I have one VM (centos 8 based) running on my azure account where I have created one single node hadoop cluster with hive and mysql database.
Hadoop Version - 3.2.1
Hive Version- 3.1.2
Mysql Version- 8
Now I am trying to ingest data from a centralized oracle 12c server to my hive database through talend.
DB connection to oracle database from talend is successful but while trying to connect to hive database in VM talend is showing classnotfound exception.
I have installed all libraries i.e. required and third party, still not able to make a successful connection.
I have added the screen shot of Hive connection details and the error that I got.
Please advice. Thanks in advance.
Hello,
The error indicates the requires JDBC driver is missing or the installed driver is not compatible with the current Hive version 3.1.2 you are using. Have you tried to check and find the right driver file and use tLiabraryLoad to load the drive file?
Let us know if it is OK with you.
Best regards
Sabrina
Hello,
I have installed all the third party libraries and have used cloudera distribution with CDH6.1.1, with this configuration I have successfully created hive connection metadata. Now with cloudera CDH6.1.1 I am able to create my hadoop cluster also.
My ultimate goal is to create a job which will read oracle database and write files in HDFS.

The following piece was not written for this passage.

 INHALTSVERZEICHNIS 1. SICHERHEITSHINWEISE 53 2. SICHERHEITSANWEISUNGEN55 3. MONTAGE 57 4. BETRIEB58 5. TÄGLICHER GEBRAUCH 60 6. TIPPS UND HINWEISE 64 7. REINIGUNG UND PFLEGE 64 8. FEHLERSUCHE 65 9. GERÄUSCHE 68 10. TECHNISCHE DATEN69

I have created the job with tDBInput and tHDFSOutput component.
The job is failing with error
org.apache.hadoop.ipc.RemoteException: File /user/hive/warehouse/hive_db.db/approved_requests/test_3 could only be written to 0 of the 1 minReplication nodes. There are 2 datanode(s) running and 2 node(s) are excluded in this operation.

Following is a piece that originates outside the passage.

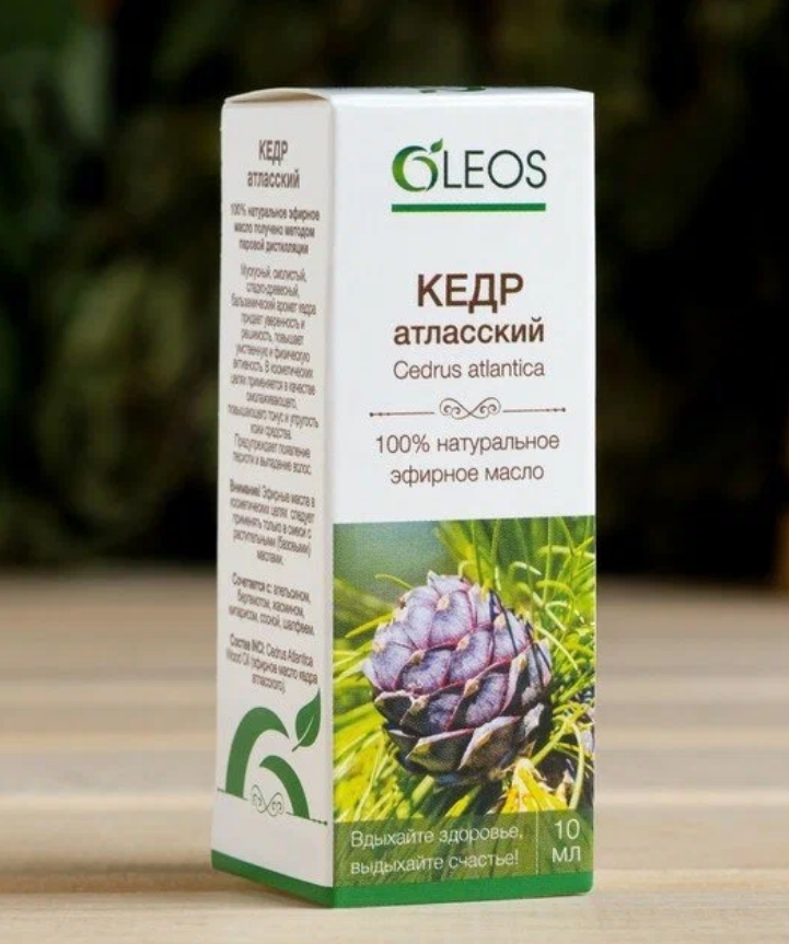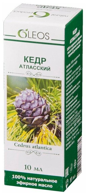 Состав: Кедра атласского эфирное масло 100%. Получено методом паровой дистилляции из из хвои и молодых побегов.

Please advise how to fix this problem.
Best Regards,
AGhosh1596267888
Attaching the exception received
Talend and its community provide you with the convenience to keep using a version its vendor ceases to support in Talend products. For this reason, this version could be still listed in the following tables and available in the products but Talend stops providing support for this version.
Hello,
thanks for the update.. can you please let me know which set up I should use to complete the mention workflow.
Also please point me to any relevant documentation which will help to choose the supported versions.
Hello,
On the version list of the distributions, some versions are labelled Builtin. These versions were added by Talend via the Dynamic distribution mechanism and delivered with the Studio when the Studio was released. They are certified by Talend, thus officially supported and ready to use.

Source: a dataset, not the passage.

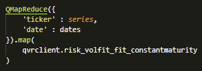 In this case, "series" is an array option underlyings, and "dates" is an array of dates. QMapReduce permutes the two arrays to create a job stream of map functions. Cool.

Usually, we use tSqoopImport to call Sqoop to transfer data from a relational database management system (RDBMS) such as MySQL or Oracle into the Hadoop Distributed File System (HDFS).
Please refer to this page: TalendHelpCenter: Sqoop scenarios
Best regards
Sabrina
Hello,
Thank you very much for pointing me to the right direction. I will definitely look into sqoop import in order to complete the workflow.
Also, please let me know if there is any possible option to capture and upload changed (Insert update and delete) data from Oracle to HDFS or cassandra on real time basis?
Best Regards,
AGhosh1596267888
Hello,
With talend DI job, you can use tFlowMeterCatcher and tFlowMeter components to catch processed row's count.
The tFlowMeterCatcher component catches the processing volumetric from the tFlowMeter component and passes them onto the output component.
For example:
tFileInput--->tFlowMeter--->tMysqlOutput_1
tFlowMeterCatcher---tLogRow
There is one column called "count" in the schema of tFlowMeterCatcher which counts the no. of records pass by the specify flow.
Here is a new feature jira issue about Monitoring Statistics for Spark Jobs:
https://jira.talendforge.org/browse/TBD-5137
Let us know if it is what you are looking for.
Best regards
Sabrina